- _INSTRUCTIONS FOR THE TASK_: Please print, exactly, only the lines in the entries below from the line that has "The Hawk Fleet" through the line that has "Waikiki HI-Hawaii, Princess". Pictures don't go in.
Segment Start: SOURCE DATA
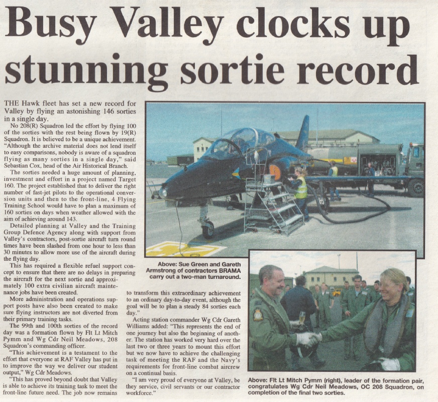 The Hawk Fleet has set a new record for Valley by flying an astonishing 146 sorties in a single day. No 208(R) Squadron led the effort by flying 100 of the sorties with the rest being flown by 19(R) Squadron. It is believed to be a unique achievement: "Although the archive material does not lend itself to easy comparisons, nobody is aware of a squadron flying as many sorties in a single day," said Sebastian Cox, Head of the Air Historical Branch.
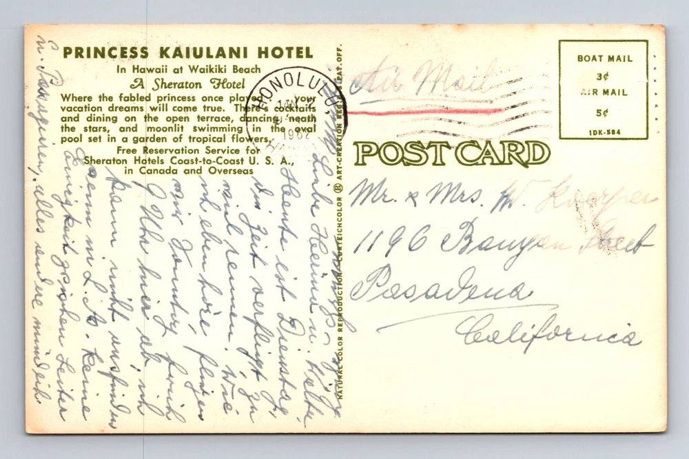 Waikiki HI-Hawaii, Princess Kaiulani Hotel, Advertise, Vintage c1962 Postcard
Segment End: SOURCE DATA
Segment Start: SOURCE DATA
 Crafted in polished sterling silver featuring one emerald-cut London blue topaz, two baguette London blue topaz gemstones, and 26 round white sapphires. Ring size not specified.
Segment End: SOURCE DATA
Segment Start: SOURCE DATA
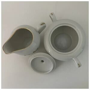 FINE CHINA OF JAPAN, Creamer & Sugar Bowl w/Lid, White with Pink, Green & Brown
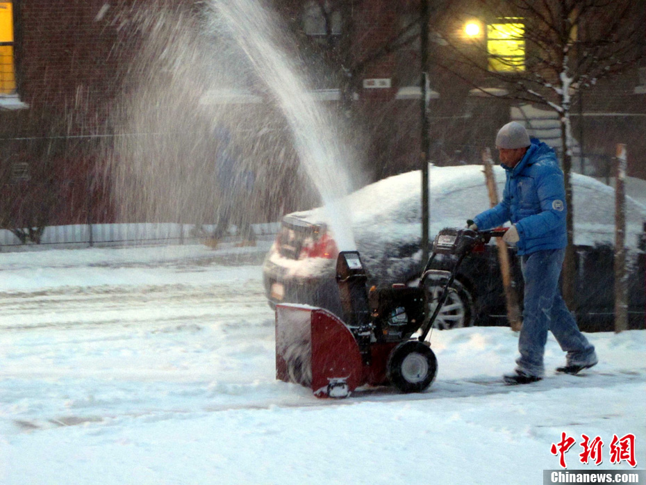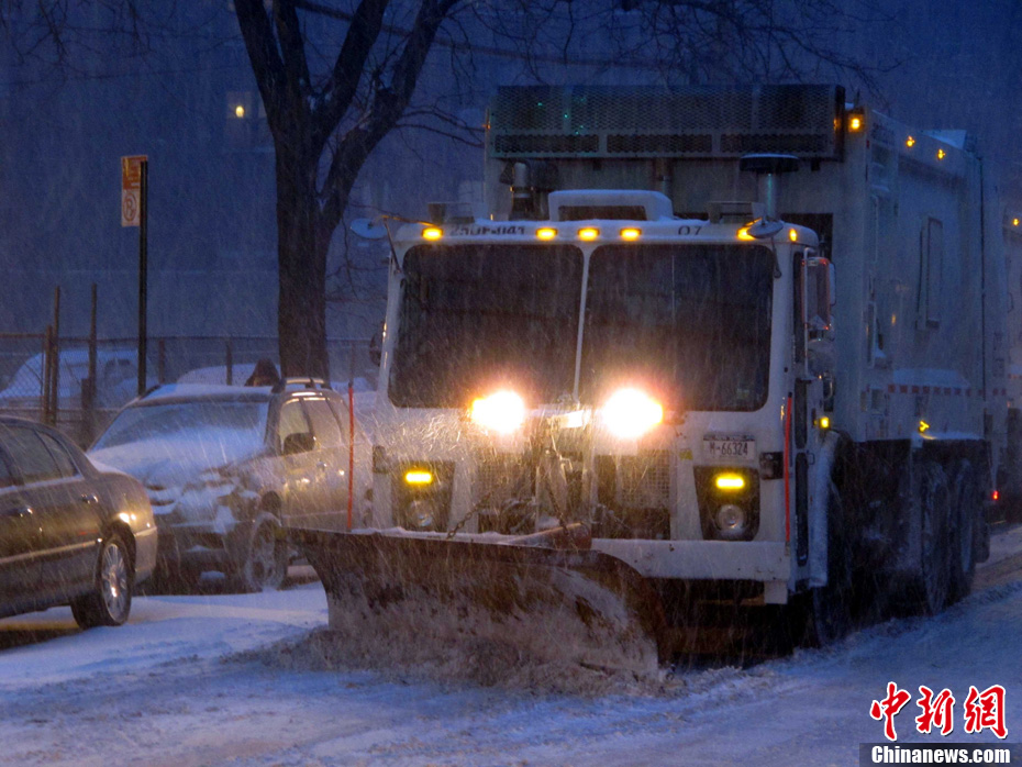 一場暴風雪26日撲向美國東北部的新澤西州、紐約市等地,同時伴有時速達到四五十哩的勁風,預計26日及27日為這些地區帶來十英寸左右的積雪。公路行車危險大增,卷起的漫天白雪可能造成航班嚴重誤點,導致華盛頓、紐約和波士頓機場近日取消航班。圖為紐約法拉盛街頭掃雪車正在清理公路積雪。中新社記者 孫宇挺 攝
Segment End: SOURCE DATA
- _RESPONSE TO THE TASK_:
 The Hawk Fleet has set a new record for Valley by flying an astonishing 146 sorties in a single day. No 208(R) Squadron led the effort by flying 100 of the sorties with the rest being flown by 19(R) Squadron. It is believed to be a unique achievement: "Although the archive material does not lend itself to easy comparisons, nobody is aware of a squadron flying as many sorties in a single day," said Sebastian Cox, Head of the Air Historical Branch.
 Waikiki HI-Hawaii, Princess Kaiulani Hotel, Advertise, Vintage c1962 Postcard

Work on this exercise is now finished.